**Work to be completed**
Using the listing below, copy exactly the lines from the one containing "На марше – артиллеристы" to the one containing "На территории полигона", both lines included, and no others.

BEGIN Supplied data

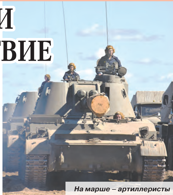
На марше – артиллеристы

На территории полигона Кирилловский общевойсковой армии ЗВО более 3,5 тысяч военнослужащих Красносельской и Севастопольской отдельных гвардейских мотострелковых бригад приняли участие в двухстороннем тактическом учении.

END Supplied data
BEGIN Supplied data

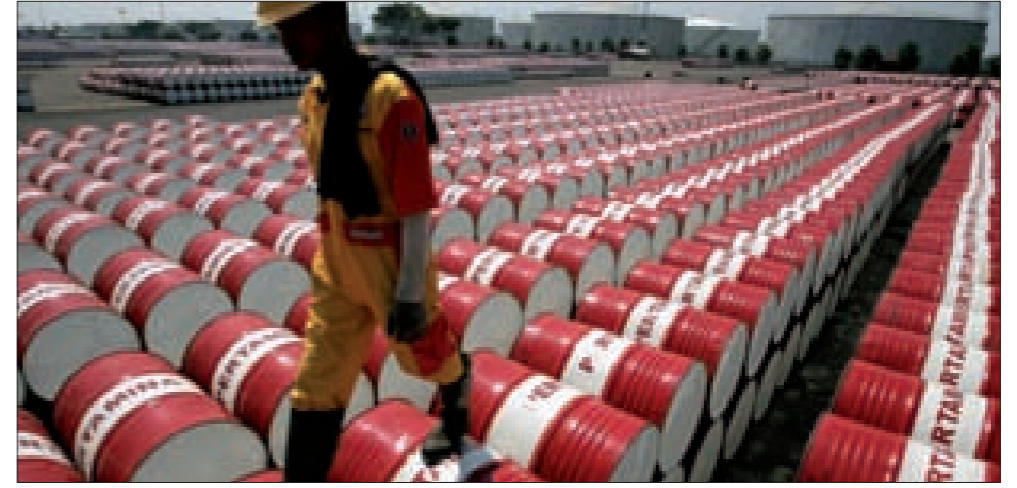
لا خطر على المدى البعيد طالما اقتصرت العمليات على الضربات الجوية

END Supplied data

**Solution for this problem**
На марше – артиллеристы

На территории полигона Кирилловский общевойсковой армии ЗВО более 3,5 тысяч военнослужащих Красносельской и Севастопольской отдельных гвардейских мотострелковых бригад приняли участие в двухстороннем тактическом учении.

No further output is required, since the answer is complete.